The change, which will be rolled out over the next few months according to a blog post by the company, will retain the company's 140-character text limit but not count links to photos or people's usernames toward that limit.
The move is a logical one, as the service has gradually evolved as a way to send pictures and videos to people, and has expanded beyond a primarily one-to-one sending service.
By including those links as part of a self-imposed limit, Twitter was restricting the ability of its users to send understandable messages. For example, if someone sent a pictures to several friends over the service, it would leave them with virtually no room to actually say anything.
The limitations of 140 characters – which was originally imposed because the service was designed to work as a form of text-messaging and there is a hard limit on standard SMS messages – have been lauded as Twitter's unique selling point, with users forced to be brief. However, brief becomes unusable when actual messages are reduced to one or two words.
The change also comes on the heels of the company's decision to lift the limit on messages sent directly to another user (direct messaging).
It's worth noting, however, that character-exclusion does not apply to links to things outside of Twitter's services, such as articles or videos on other websites. Which suggests Twitter may be trying to copy Facebook (again) by creating a walled garden.

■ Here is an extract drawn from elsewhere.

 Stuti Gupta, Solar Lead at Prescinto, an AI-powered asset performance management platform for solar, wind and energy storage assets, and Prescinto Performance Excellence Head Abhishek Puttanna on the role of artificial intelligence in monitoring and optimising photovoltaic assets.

While the change has been met with general approval by Twitter users, the tweaking of the company's service only raises more concerns over the company's future direction.

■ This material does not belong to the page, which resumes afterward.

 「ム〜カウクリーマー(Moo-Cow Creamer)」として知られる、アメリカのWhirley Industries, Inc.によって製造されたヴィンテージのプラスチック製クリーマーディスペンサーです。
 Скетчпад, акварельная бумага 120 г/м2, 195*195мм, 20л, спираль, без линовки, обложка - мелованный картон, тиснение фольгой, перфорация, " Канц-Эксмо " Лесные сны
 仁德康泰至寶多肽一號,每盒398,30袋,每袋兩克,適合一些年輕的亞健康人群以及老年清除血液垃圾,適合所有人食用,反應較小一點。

The social media service has not managed to keep pace with other companies such as Facebook, Snapchat or Instagram – both in terms of profits and growth in users – in fact, Twitter is losing users in worrying numbers. It has also failed to address the many issues that users have with the service, including the sense of being overwhelmed with messages, and the ease with which individual users can be targeted. And then there's the fact that millions of Twitter users are not real but automated bots.
On the business side of things, Twitter has yet to find an effective way to monetize the free service. And with the exception of "moments," it has not successfully expanded its basic offering despite having hundreds of staff on hand and years to come up with new ideas.
Despite its huge brand awareness and the fact it has been in business for a decade, Twitter is still nowhere near profitable. The company has lost $2bn in the past five years. Its share price is half what it was when it went public, and that is down 70 per cent from its high.
Part of the problem has been the highly dysfunctional relationship between the company's founders, which has resulted in frequent management turnarounds and instability. Its current CEO is also the CEO of another company.
And all that is despite what is a fairly obvious and compelling use of Twitter – capturing and broadcasting events live as they happen. The current management's efforts have disappointingly relied on using Twitter's cash on hand to buy third-hand sports clips in the hope of attracting users back.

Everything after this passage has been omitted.